● DESCRIPTION OF THE TASK
Everything from the opening line of the records below up to and including the line containing "ニキビを殺菌する成分や潤いを閉じ込める成分が入っているとのことで、" should be retyped exactly, minus the pictures.

● INPUT RECORDS
========================

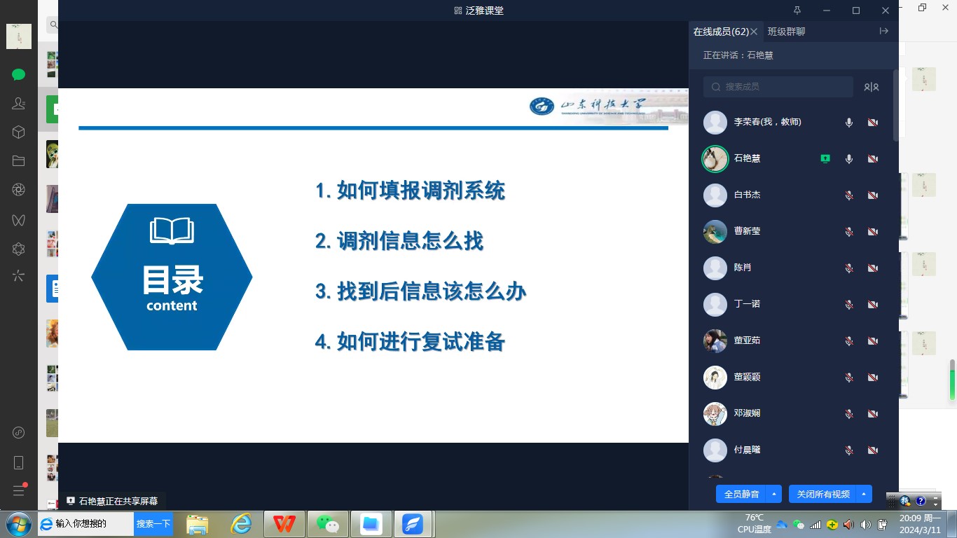 进行经验分享的三位同学分别是梁婧、石艳慧、曹新莹,均为研一在读研究生,三位同学主要在复试内容、复试注意事项、考前准备等方面进行了经验分享,叮嘱同学们仔细阅读所报考学校的通知公告,自我介绍、个人简历准备及跟导师邮件联系的注意事项,复试时证件、住宿、饮食和心态等准备和调节的方法。关于调剂,梁婧和石艳慧同学就调剂信息的查找、调剂系统的填报及调剂过程中自己具体的有效方法进行了分享和交流。
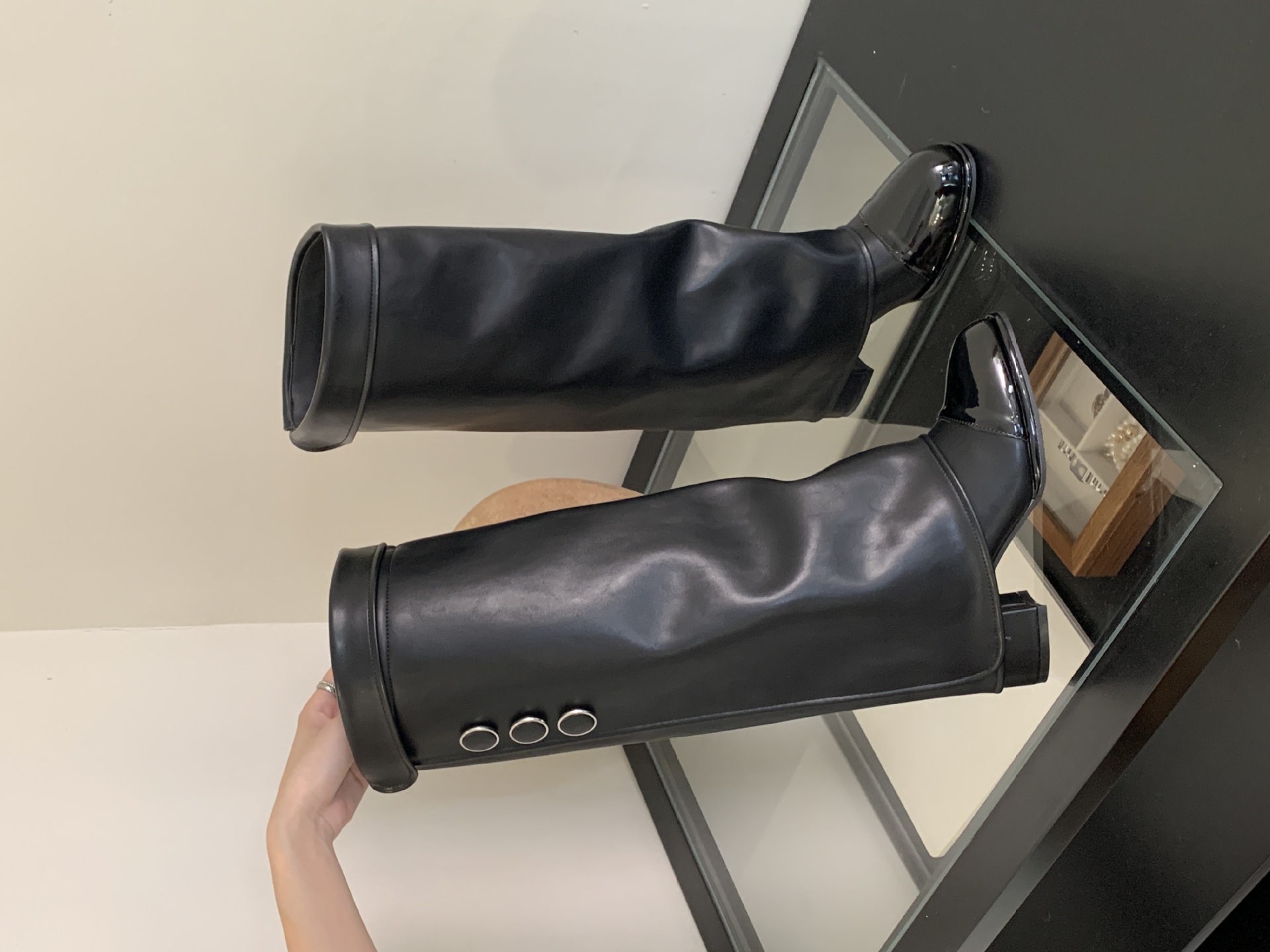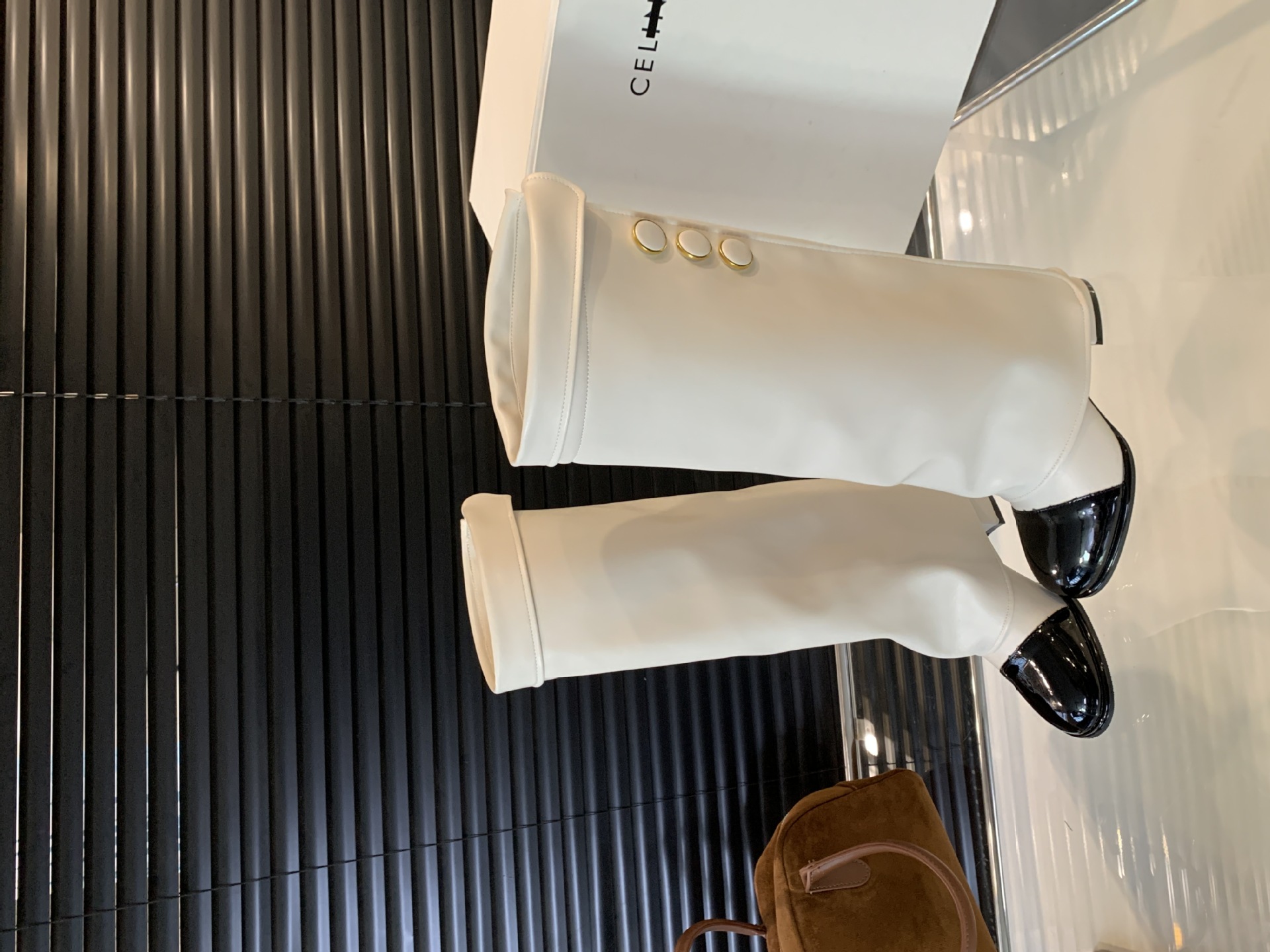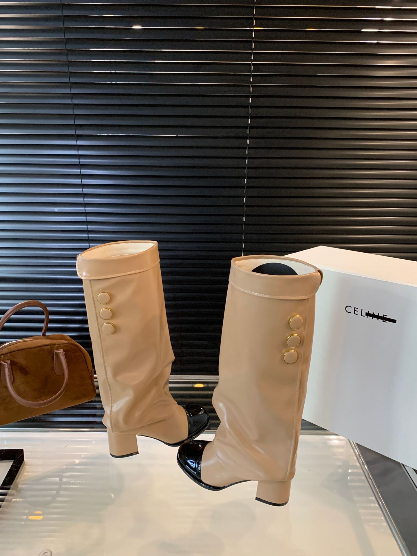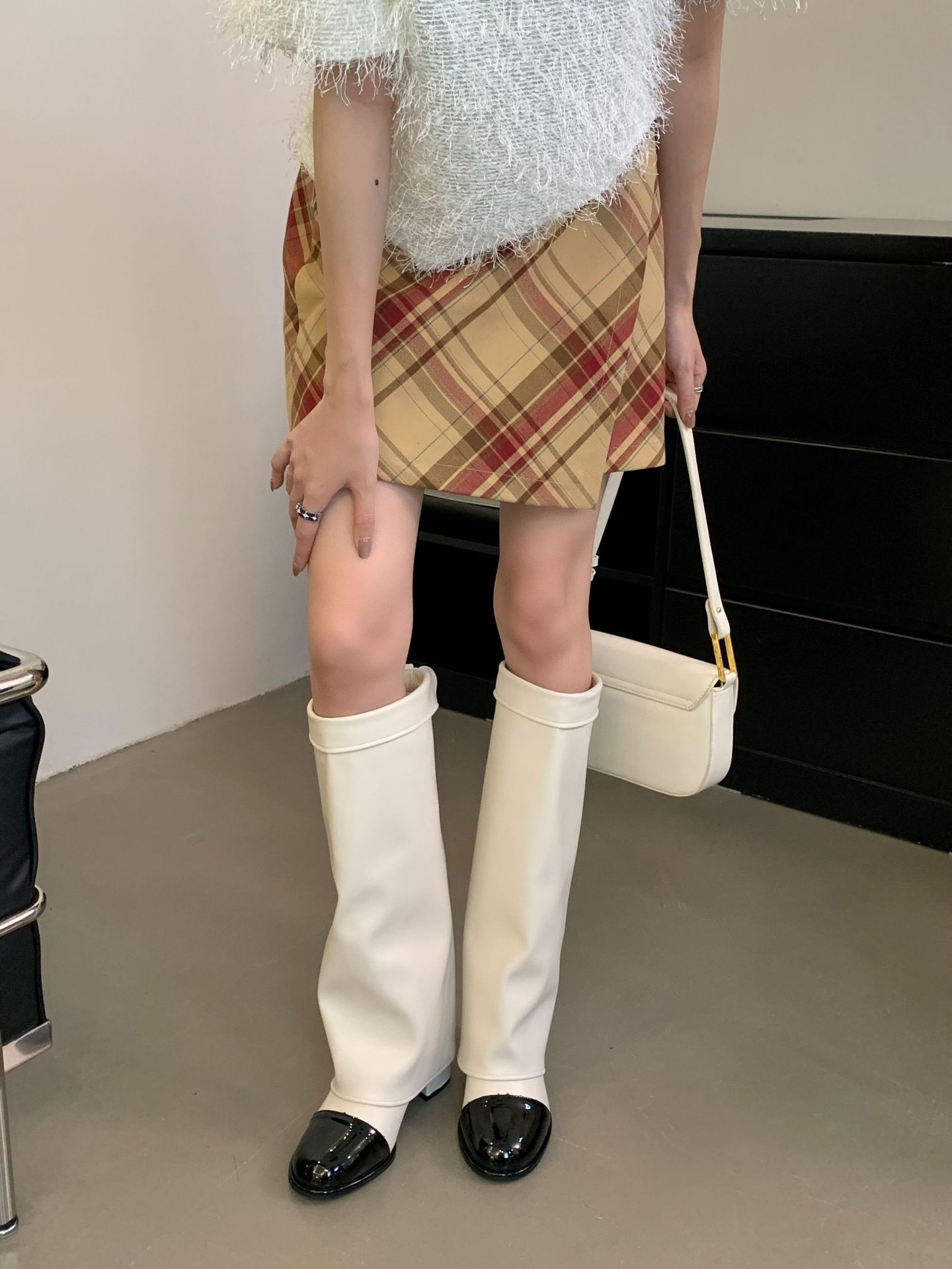 French-Style Small Fragrance Round-Toe Color-Blocked Riding Boots Versatile Chunky Heel High Boots Genuine Leather Over-The-Knee Boots Women's Trouser Boots
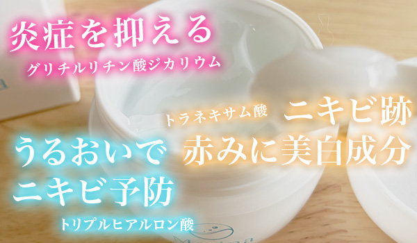 ニキビを殺菌する成分や潤いを閉じ込める成分が入っているとのことで、
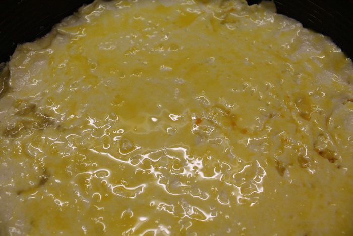 Далее добавляем растопленное сливочное масло и перемешиваем до однородной массы.
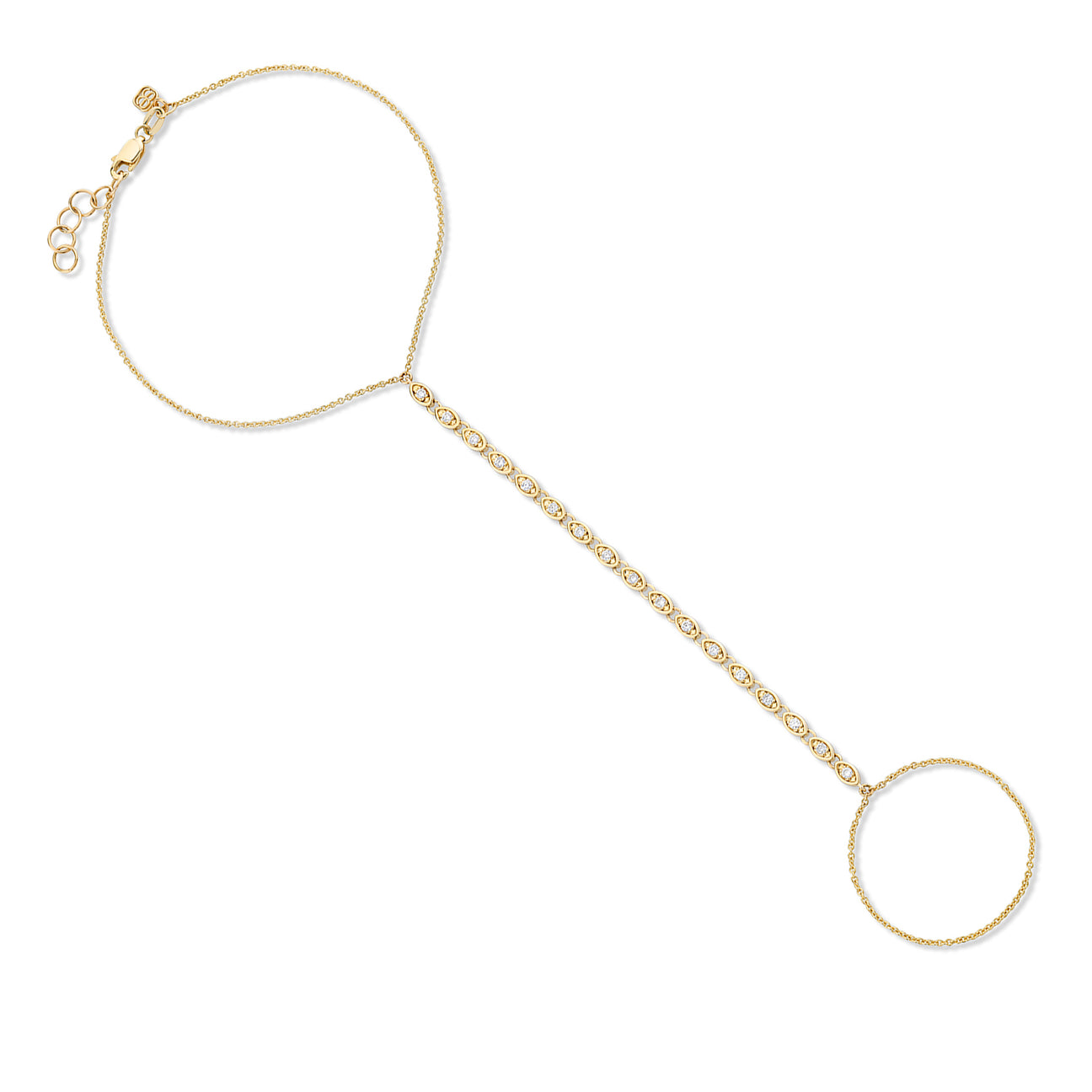 14k yellow gold princess hand bracelet with diamond marquis eyes. The length of the marquis eyes is appx. 4 5/8″ and the bracelet size is 6.75″.

========================

● OUTPUT FOR THIS EXERCISE
 进行经验分享的三位同学分别是梁婧、石艳慧、曹新莹,均为研一在读研究生,三位同学主要在复试内容、复试注意事项、考前准备等方面进行了经验分享,叮嘱同学们仔细阅读所报考学校的通知公告,自我介绍、个人简历准备及跟导师邮件联系的注意事项,复试时证件、住宿、饮食和心态等准备和调节的方法。关于调剂,梁婧和石艳慧同学就调剂信息的查找、调剂系统的填报及调剂过程中自己具体的有效方法进行了分享和交流。
 French-Style Small Fragrance Round-Toe Color-Blocked Riding Boots Versatile Chunky Heel High Boots Genuine Leather Over-The-Knee Boots Women's Trouser Boots
 ニキビを殺菌する成分や潤いを閉じ込める成分が入っているとのことで、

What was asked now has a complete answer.